# [EXERCISE REQUIREMENTS]
Below this line is a listing that includes pictures. Copy exactly, and only, the lines from the one containing "im Trockner trocknen" through the one containing "uv add mcp(通过uv包管理器安装MCP核心库)"; the pictures do not go in the copy.

# [RECORDS SUPPLIED]
══════

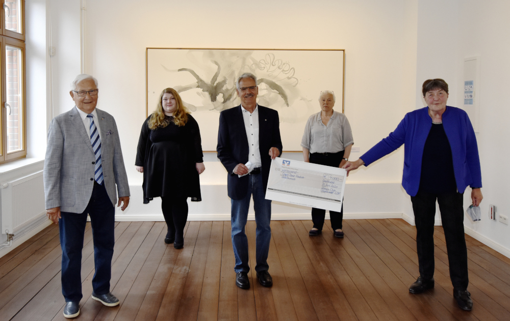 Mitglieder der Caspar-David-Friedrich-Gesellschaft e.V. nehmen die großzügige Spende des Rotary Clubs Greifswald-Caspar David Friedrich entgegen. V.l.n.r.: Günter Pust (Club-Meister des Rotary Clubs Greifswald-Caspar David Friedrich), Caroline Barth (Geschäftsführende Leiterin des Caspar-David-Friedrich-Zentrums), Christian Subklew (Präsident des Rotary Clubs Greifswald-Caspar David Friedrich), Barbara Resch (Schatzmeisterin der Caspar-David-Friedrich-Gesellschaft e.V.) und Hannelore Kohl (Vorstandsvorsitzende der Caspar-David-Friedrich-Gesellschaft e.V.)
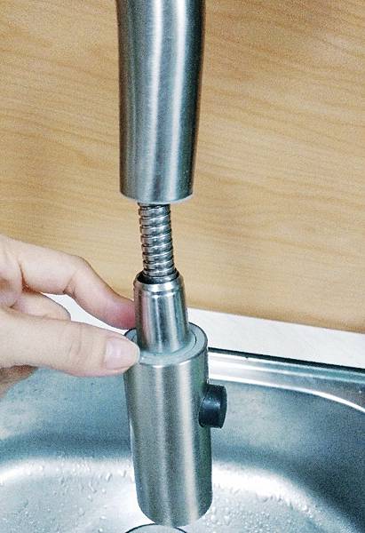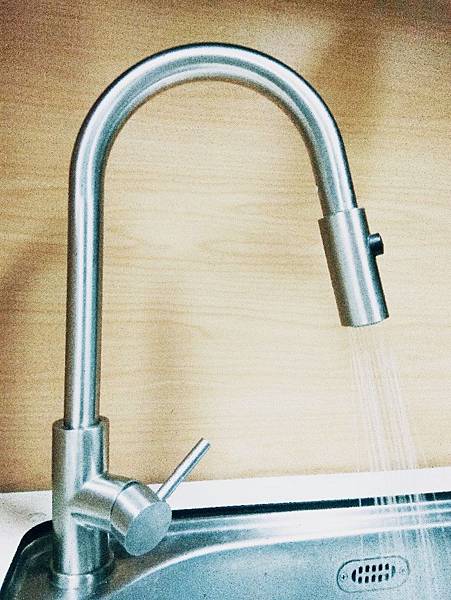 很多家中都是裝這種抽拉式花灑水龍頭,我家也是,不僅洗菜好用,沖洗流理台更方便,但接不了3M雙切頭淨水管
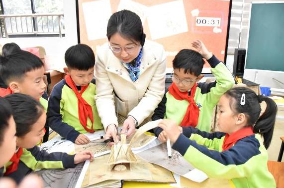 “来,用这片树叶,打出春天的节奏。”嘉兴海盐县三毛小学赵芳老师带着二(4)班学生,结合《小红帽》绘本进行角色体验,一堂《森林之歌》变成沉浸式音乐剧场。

══════

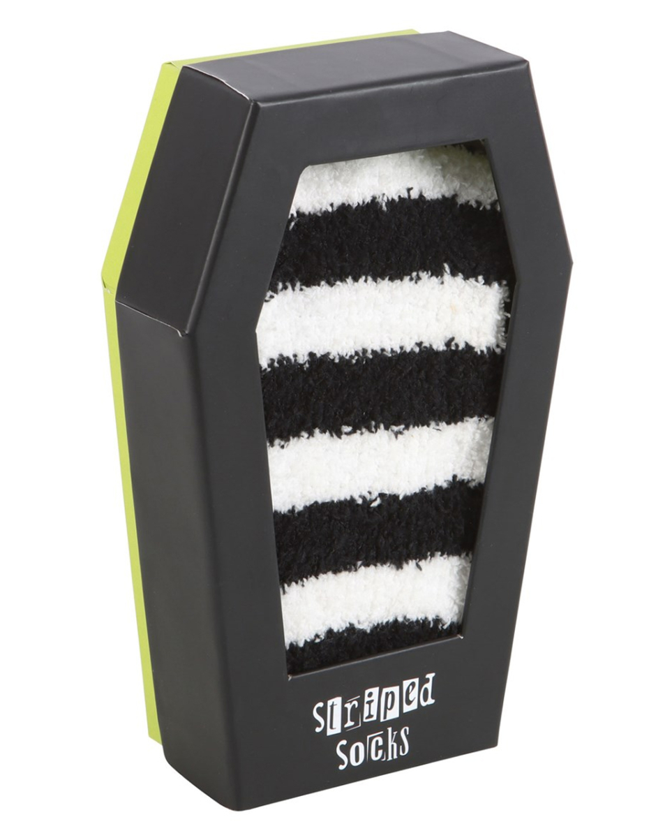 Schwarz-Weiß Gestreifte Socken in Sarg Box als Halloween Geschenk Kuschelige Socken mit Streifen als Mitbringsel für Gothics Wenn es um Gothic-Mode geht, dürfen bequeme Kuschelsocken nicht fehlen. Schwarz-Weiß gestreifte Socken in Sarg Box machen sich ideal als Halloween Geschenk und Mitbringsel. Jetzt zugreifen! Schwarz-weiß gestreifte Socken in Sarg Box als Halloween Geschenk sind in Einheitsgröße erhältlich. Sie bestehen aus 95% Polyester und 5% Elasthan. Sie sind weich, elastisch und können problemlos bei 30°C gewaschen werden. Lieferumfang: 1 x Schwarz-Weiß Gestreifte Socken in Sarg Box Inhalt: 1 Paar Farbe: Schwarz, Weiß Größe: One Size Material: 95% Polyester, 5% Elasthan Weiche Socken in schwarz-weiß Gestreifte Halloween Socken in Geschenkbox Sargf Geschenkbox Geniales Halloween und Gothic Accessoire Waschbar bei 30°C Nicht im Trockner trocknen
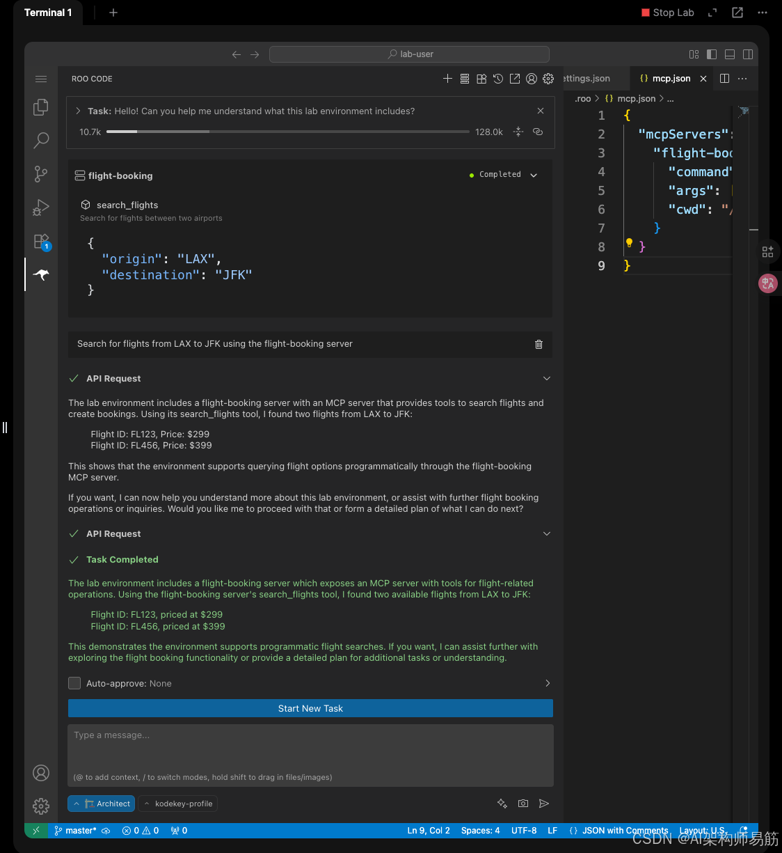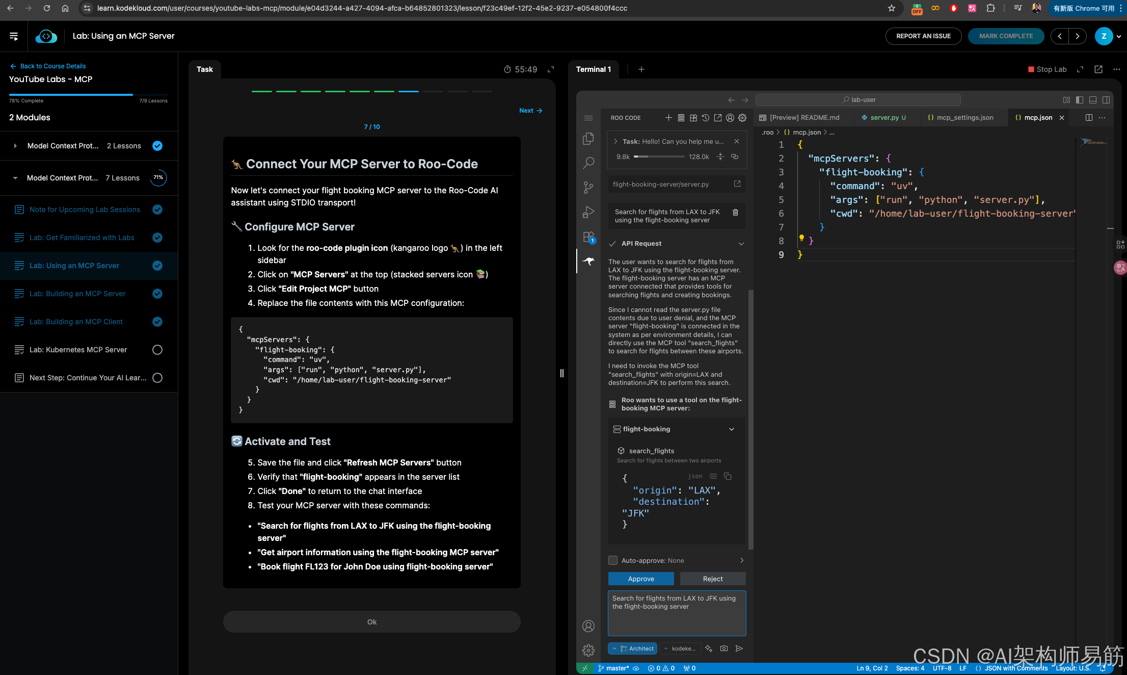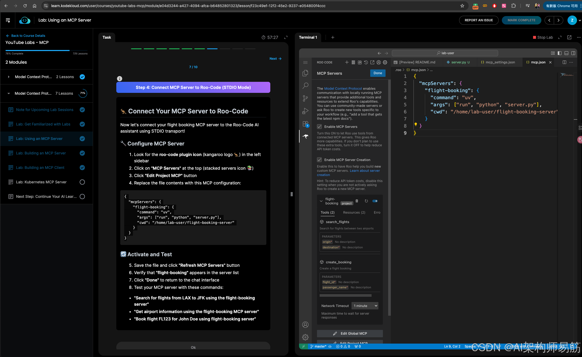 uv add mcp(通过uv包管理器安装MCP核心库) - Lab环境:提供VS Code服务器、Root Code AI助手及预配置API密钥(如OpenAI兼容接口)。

══════

# [ANSWER SECTION]
 Schwarz-Weiß Gestreifte Socken in Sarg Box als Halloween Geschenk Kuschelige Socken mit Streifen als Mitbringsel für Gothics Wenn es um Gothic-Mode geht, dürfen bequeme Kuschelsocken nicht fehlen. Schwarz-Weiß gestreifte Socken in Sarg Box machen sich ideal als Halloween Geschenk und Mitbringsel. Jetzt zugreifen! Schwarz-weiß gestreifte Socken in Sarg Box als Halloween Geschenk sind in Einheitsgröße erhältlich. Sie bestehen aus 95% Polyester und 5% Elasthan. Sie sind weich, elastisch und können problemlos bei 30°C gewaschen werden. Lieferumfang: 1 x Schwarz-Weiß Gestreifte Socken in Sarg Box Inhalt: 1 Paar Farbe: Schwarz, Weiß Größe: One Size Material: 95% Polyester, 5% Elasthan Weiche Socken in schwarz-weiß Gestreifte Halloween Socken in Geschenkbox Sargf Geschenkbox Geniales Halloween und Gothic Accessoire Waschbar bei 30°C Nicht im Trockner trocknen
 uv add mcp(通过uv包管理器安装MCP核心库) - Lab环境:提供VS Code服务器、Root Code AI助手及预配置API密钥(如OpenAI兼容接口)。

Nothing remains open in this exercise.